• _Dataset entries_:
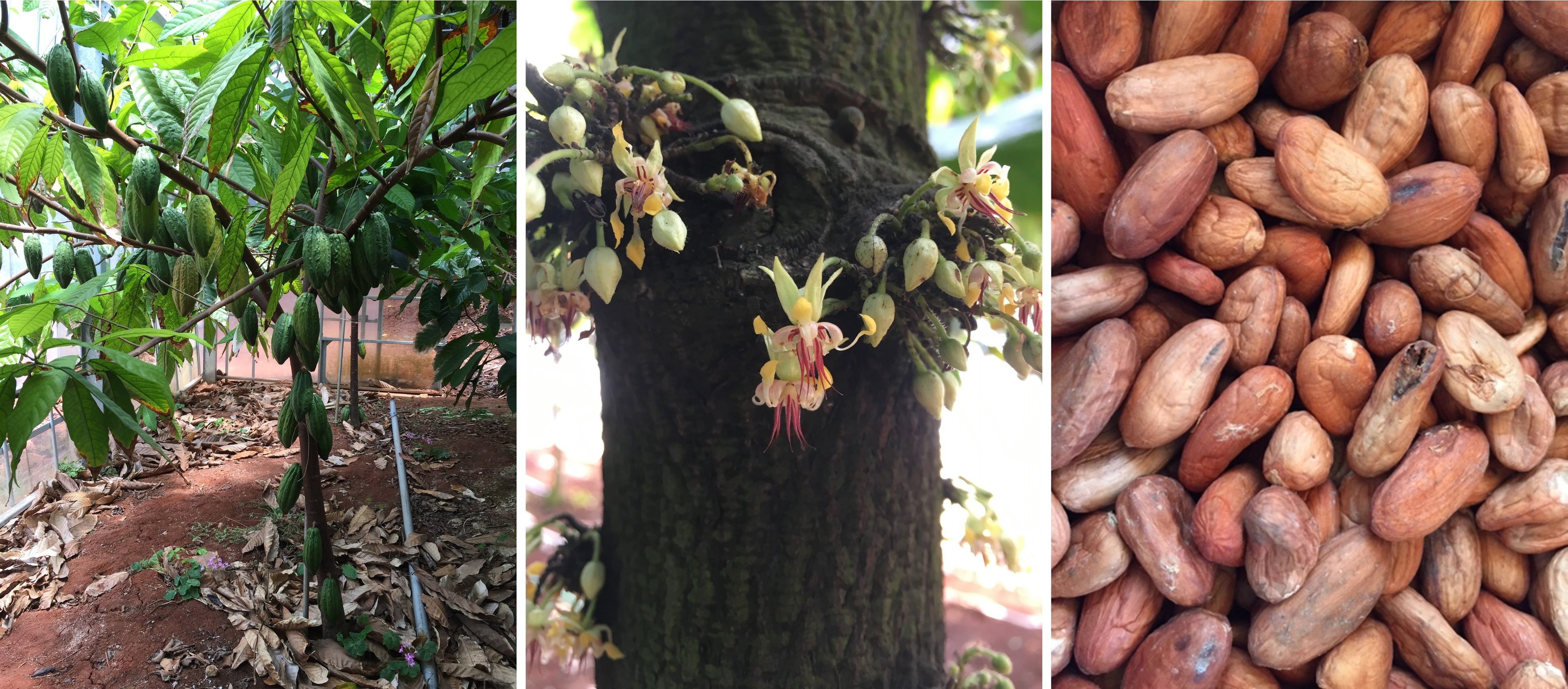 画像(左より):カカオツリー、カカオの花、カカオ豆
---
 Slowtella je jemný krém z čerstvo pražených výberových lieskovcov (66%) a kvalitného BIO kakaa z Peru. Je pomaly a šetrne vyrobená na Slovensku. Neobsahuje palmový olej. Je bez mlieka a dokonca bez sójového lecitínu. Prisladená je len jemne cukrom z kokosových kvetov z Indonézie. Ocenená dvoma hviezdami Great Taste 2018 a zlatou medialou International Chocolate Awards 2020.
...
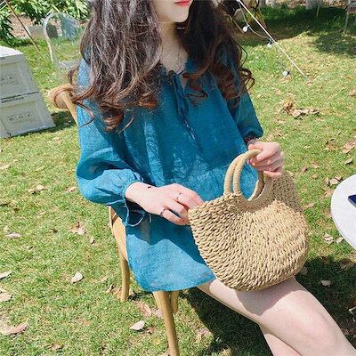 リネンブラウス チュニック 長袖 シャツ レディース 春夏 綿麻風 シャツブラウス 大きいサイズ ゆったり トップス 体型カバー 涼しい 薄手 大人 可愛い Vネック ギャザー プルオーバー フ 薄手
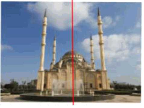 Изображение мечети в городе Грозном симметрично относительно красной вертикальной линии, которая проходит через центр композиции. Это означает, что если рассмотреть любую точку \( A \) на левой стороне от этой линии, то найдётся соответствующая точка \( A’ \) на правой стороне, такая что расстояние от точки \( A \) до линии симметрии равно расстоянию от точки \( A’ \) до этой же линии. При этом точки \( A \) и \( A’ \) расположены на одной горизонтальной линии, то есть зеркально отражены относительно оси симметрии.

• _Task brief_:
What is needed is an exact copy of the lines above from the one with "リネンブラウス チュニック 長袖" to the one with "Изображение мечети в", both ends kept, and nothing more; please leave the pictures out.

• _Solution_:
 リネンブラウス チュニック 長袖 シャツ レディース 春夏 綿麻風 シャツブラウス 大きいサイズ ゆったり トップス 体型カバー 涼しい 薄手 大人 可愛い Vネック ギャザー プルオーバー フ 薄手
 Изображение мечети в городе Грозном симметрично относительно красной вертикальной линии, которая проходит через центр композиции. Это означает, что если рассмотреть любую точку \( A \) на левой стороне от этой линии, то найдётся соответствующая точка \( A’ \) на правой стороне, такая что расстояние от точки \( A \) до линии симметрии равно расстоянию от точки \( A’ \) до этой же линии. При этом точки \( A \) и \( A’ \) расположены на одной горизонтальной линии, то есть зеркально отражены относительно оси симметрии.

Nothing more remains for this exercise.